Input data ->
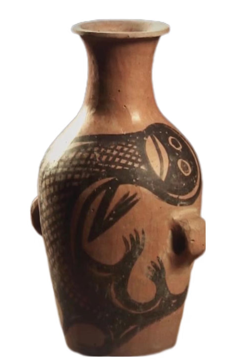 這件鯢魚(yú)紋彩陶瓶為泥質(zhì)紅陶,高18.5厘米,口徑寬5.7厘米,底徑7厘米,腹徑14厘米,重430克。陶瓶最顯著的特征是在腹部繪有動(dòng)物圖紋。動(dòng)物的身子呈蜷曲狀,尾巴向上翹舉,交于頭上。臉?biāo)迫嗣?,雙眼圓睜而有神。嘴巴寬闊,顎下有須,頭頂兩側(cè)有伸出的節(jié)肢狀腮。奇怪的是,它只有一對(duì)前肢,肢端有張開(kāi)的四肢。陶瓶身上繪制有網(wǎng)格狀的線紋。線條流利而生動(dòng),變化豐富,展現(xiàn)出了熟練自如的繪畫技巧。從鯢魚(yú)圖案的繪制來(lái)看,紋飾用筆鋒畫作的線條遒勁有力,頓挫有致。粗細(xì)不同的線條之間,還凸顯出了圖紋部位的主次。彩陶的出現(xiàn),也似乎在見(jiàn)證著先祖?zhèn)冊(cè)谑庝离x居、不常厥邑的歲月中所經(jīng)歷的那些艱難生活。
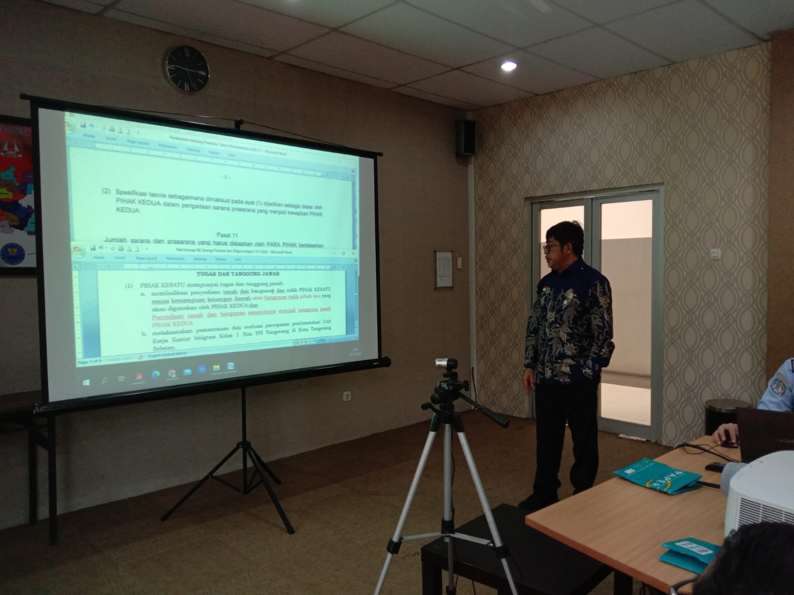 TANGERANG – Kepala Divisi Keimigrasian Kantor Wilayah Kemenkumham Banten, Ujo Sujoto memimpin rapat terkait nota kesepakatan pembentukan unit kerja Kantor Imigrasi Kelas I Non TPI Tangerang di Kota Tangerang Selatan.
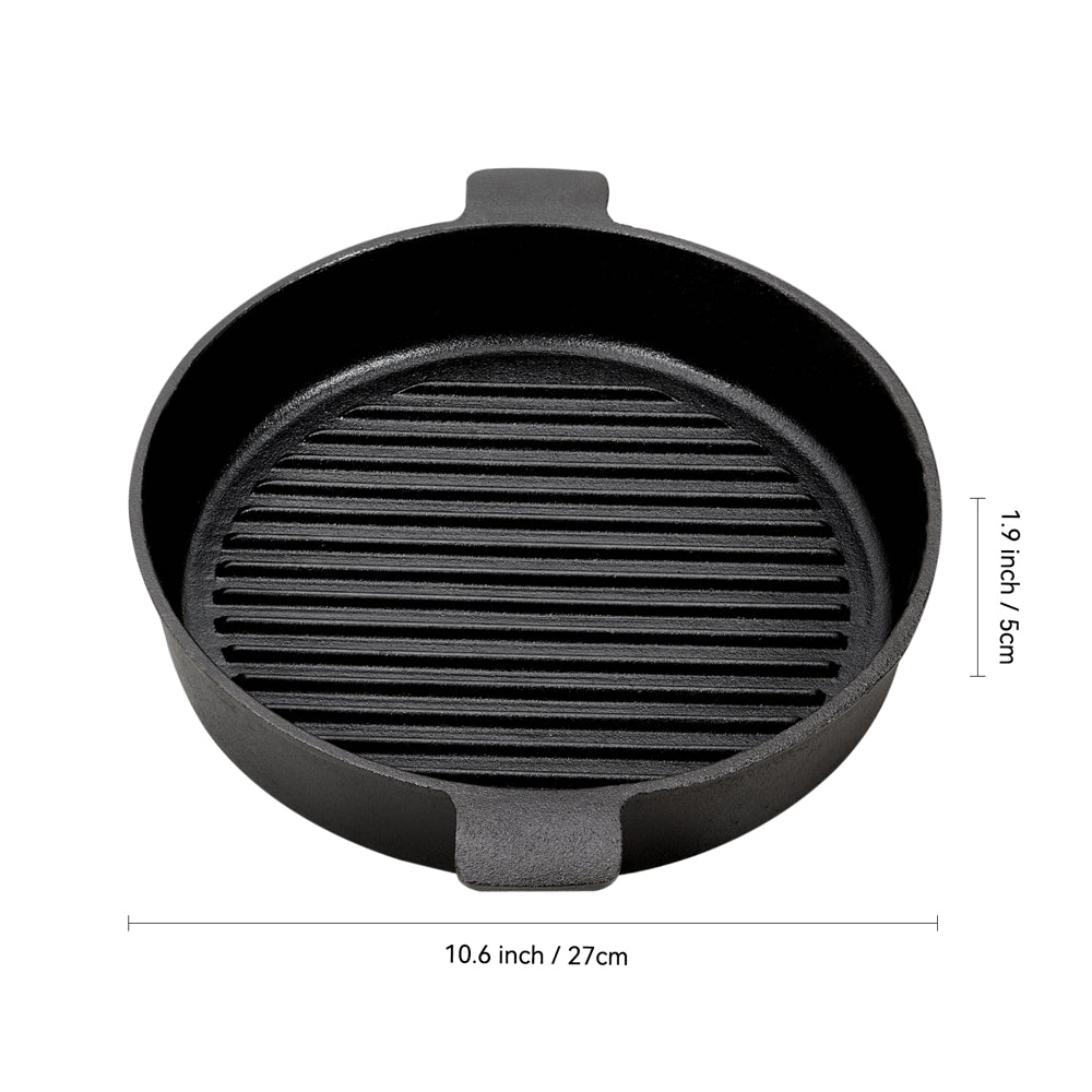 Enjoy barbecue-style cooking with our cast iron grill pan. Boasting quality cast iron construction, the pan is exceedingly durable, resilient and easy-to-clean. The even heat distribution ensures every inch of the ingredient is cooked to juicy tenderness, while the ridges leave behind those alluring grill marks. Quickly sear a fillet of salmon, locking in its natural oils and flavours, or whip up a batch of chargrilled vegetables for a healthy and satisfying meal.

Your task ->
Print verbatim every line above, apart from the pictures.

Response to this exercise ->
 這件鯢魚(yú)紋彩陶瓶為泥質(zhì)紅陶,高18.5厘米,口徑寬5.7厘米,底徑7厘米,腹徑14厘米,重430克。陶瓶最顯著的特征是在腹部繪有動(dòng)物圖紋。動(dòng)物的身子呈蜷曲狀,尾巴向上翹舉,交于頭上。臉?biāo)迫嗣?,雙眼圓睜而有神。嘴巴寬闊,顎下有須,頭頂兩側(cè)有伸出的節(jié)肢狀腮。奇怪的是,它只有一對(duì)前肢,肢端有張開(kāi)的四肢。陶瓶身上繪制有網(wǎng)格狀的線紋。線條流利而生動(dòng),變化豐富,展現(xiàn)出了熟練自如的繪畫技巧。從鯢魚(yú)圖案的繪制來(lái)看,紋飾用筆鋒畫作的線條遒勁有力,頓挫有致。粗細(xì)不同的線條之間,還凸顯出了圖紋部位的主次。彩陶的出現(xiàn),也似乎在見(jiàn)證著先祖?zhèn)冊(cè)谑庝离x居、不常厥邑的歲月中所經(jīng)歷的那些艱難生活。
 TANGERANG – Kepala Divisi Keimigrasian Kantor Wilayah Kemenkumham Banten, Ujo Sujoto memimpin rapat terkait nota kesepakatan pembentukan unit kerja Kantor Imigrasi Kelas I Non TPI Tangerang di Kota Tangerang Selatan.
 Enjoy barbecue-style cooking with our cast iron grill pan. Boasting quality cast iron construction, the pan is exceedingly durable, resilient and easy-to-clean. The even heat distribution ensures every inch of the ingredient is cooked to juicy tenderness, while the ridges leave behind those alluring grill marks. Quickly sear a fillet of salmon, locking in its natural oils and flavours, or whip up a batch of chargrilled vegetables for a healthy and satisfying meal.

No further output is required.